Mo Yan’s pen name means Don’t Speak—his real name is Guan Moye—and the writer who has become the first Chinese citizen to win the Nobel Prize for Literature is a man of few words in public. Yet in print he is volubly expressive. Many observers—including some in China—may be surprised that popular Japanese novelist Haruki Murakami didn’t win this year’s award, but of contemporary Chinese authors, Mo Yan has long been seen as having perhaps the most realistic claim to the prize. From his early works such as Red Sorghum (1987) to Life and Death Are Wearing Me Out (2008), he has dedicated himself to creating his own unique literary world in his fiction.

The environment of Mo’s writing—often based around the rural landscapes of his home region, Shandong’s Gaomi County—is a frequently grotesque, sometimes mystical place in which the surreal routinely rubs shoulders with the banal and everyday. Announcing the award, the Nobel committee spoke of him as merging “folk tales, history, and the contemporary” with “hallucinatory realism”—and many have compared his view of the world to the writings of William Faulkner or the magical realism of Gabriel Garcia Marquez. Even in his novel Red Sorghum, which details guerrilla resistance to the Japanese occupation of eastern China in the 1930s and ‘40s, the brutality of the conflict is mixed with a grim joie de vivre, symbolized by the mass consumption of grain spirits made from the sorghum which fills the local fields.
Mo Yan began writing while serving as a young soldier in the Chinese army, and his early short stories like “Flies” takes a surrealistic and sardonic look at military life. But it was Red Sorghum that cemented his place in Chinese popular culture—partially due to the wildly successful 1987 film version, the first big hit in the career of leading director Zhang Yimou. Mo Yan followed this with novels like The Garlic Ballads and The Republic of Wine, and his most recent, Wa, which looks at the impact of China’s one-child policy.
Howard Goldblatt, the U.S. translator of most of Mo’s major works, describes Mo Yan as “one of the great defamiliarizers: blood is green, children eat metal—he’s a fabulist in a way, it’s fantasy, but he connects it with reality in a way that you think, I can live with that.” Goldblatt, who expressed “delight” at Mo’s success, told The Daily Beast that Mo is a “really smart guy who loves to write.
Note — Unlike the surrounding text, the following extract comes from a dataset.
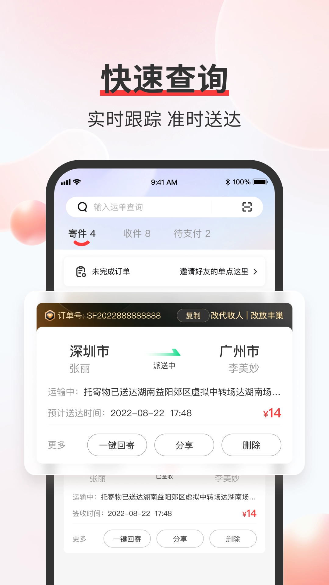 顺丰速运推出的这款一站式快递物流服务软件,新用户首次登录即可立刻领取寄件红包,它还提供查快递、寄快递、网点查询、运费查询等相关服务。
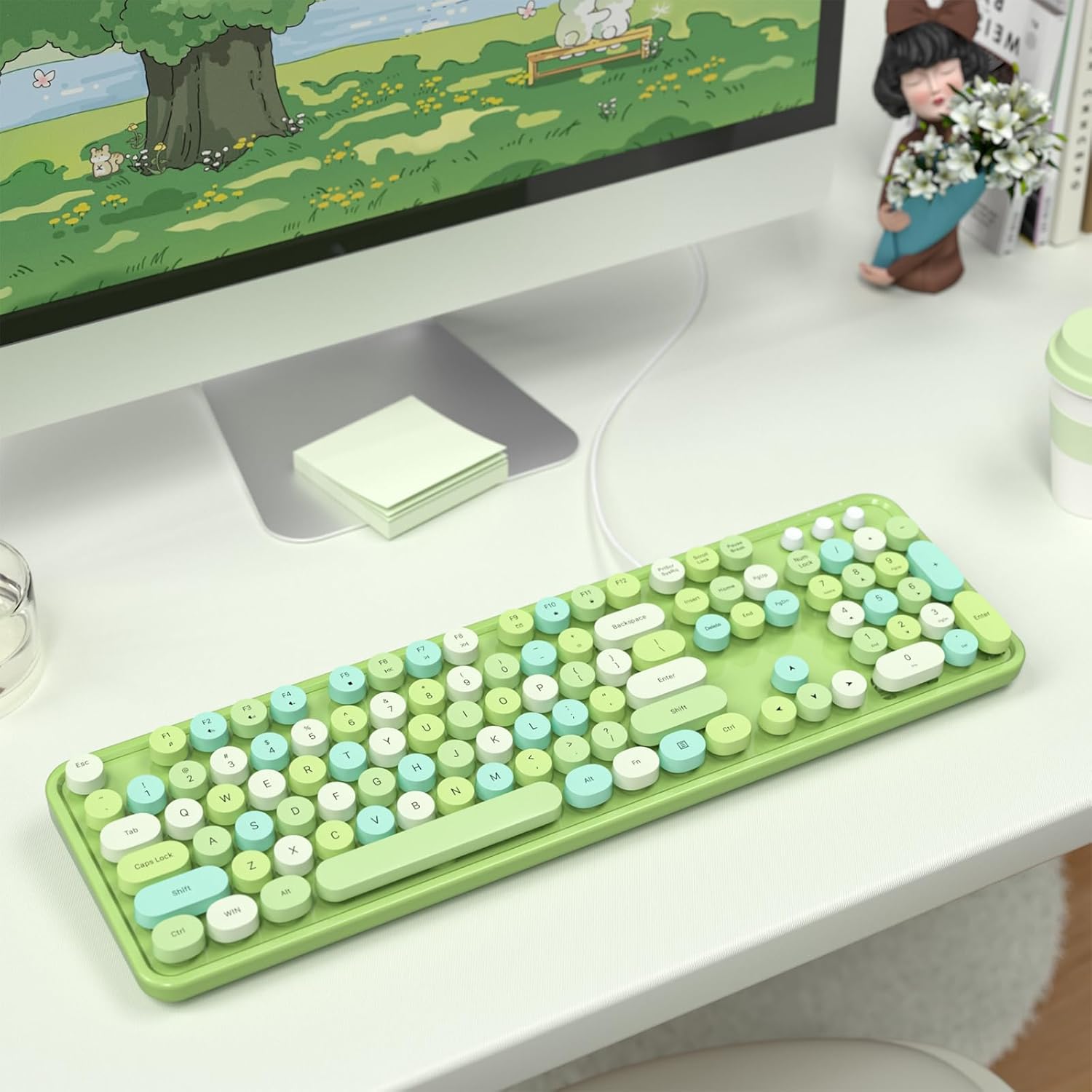 MOFII Wired Keyboard, Full Size USB Keyboard Plug Play, Colorful Retro Round Typewriter Keyboard with Foldable Stands for Windows PC Laptop (Green Colorful)

I love his work, and I really enjoy working on him: I’ve always loved bold, bawdy wordsmiths, like Dickens or Rabelais. Mo Yan’s strong point may not be so much his characters as his use of language and imagery, mixed with his satirical humor.”
Mo has over the years faced accusations of not giving women sufficient status in his books, a charge Goldblatt disputes. Goldblatt said that while there have been negative reviews, some people have also interpreted the book Big Breasts and Wide Hips—which Mo Yan dedicated to his mother—as a sign that he “really cares about women.” And he notes that the novel Sandalwood Death, due to be published in English soon, features a “young woman as a unifying character in the story.”
Goldblatt calls Mo an “autodidact” who dropped out of school at an early age and instead “picked up a rich storytelling tradition from his elders, his grandfather, and one of his uncles,” who used to tell him folk stories and fables when he was a child. “He knows so much about the writing tradition of Imperial China,” he adds. “In fact he once told me he has at least 300 old stories he still has to form into novels one day!”
Like many writers in China, Mo's career has been bound up with the official system. He studied at China’s official Lu Xun Writer’s Institute and more recently, faced criticism when he took part in an official Chinese delegation at the 2009 Frankfurt book fair—and joined most of its members in walking off stage when the journalist Dai Qing, (whose writing is banned in China) tried to ask a question. Mo has also been criticized this year after he took part in a book project commemorating Chairman Mao’s 1942 speech on literature and art, which many writers see as having led to the persecution of intellectuals and writers during the Maoist era. (Dai Qing told Germany’s Sueddeutsche Zeitung newspaper today that the award of the Nobel Prize to Mo Yan was “a joke.”)
And some critics of China’s record on freedom of expression have suggested that the Nobel committee may have been seeking to appease Beijing following China’s anger at the award of the Nobel Peace Prize to jailed dissident Liu Xiaobo in 2010. Goldblatt, however, calls Mo “a writer of conscience—but one who is also very familiar with the environment in which he works, in which he must always work.”
“In China, censorship really occurs at the level of the publishers—there are no censors standing around and no authors saying well what can I or what can’t I write,” Goldblatt said.
And while the Chinese authorities may now be able to revel in the fulfillment of the nation’s long-held dream of winning a Nobel Prize for Literature, some Internet users also took the opportunity to poke fun at the authorities, citing official Chinese commentaries denouncing the Swedish Academy as a “reactionary organization” in 2000, when the prize was given to Gao Xingjian, a Chinese-born writer who became a French citizen because of political differences with the Chinese government. For once, Beijing will now find itself in the unusual—and potentially awkward—position of having to agree with the Nobel committee.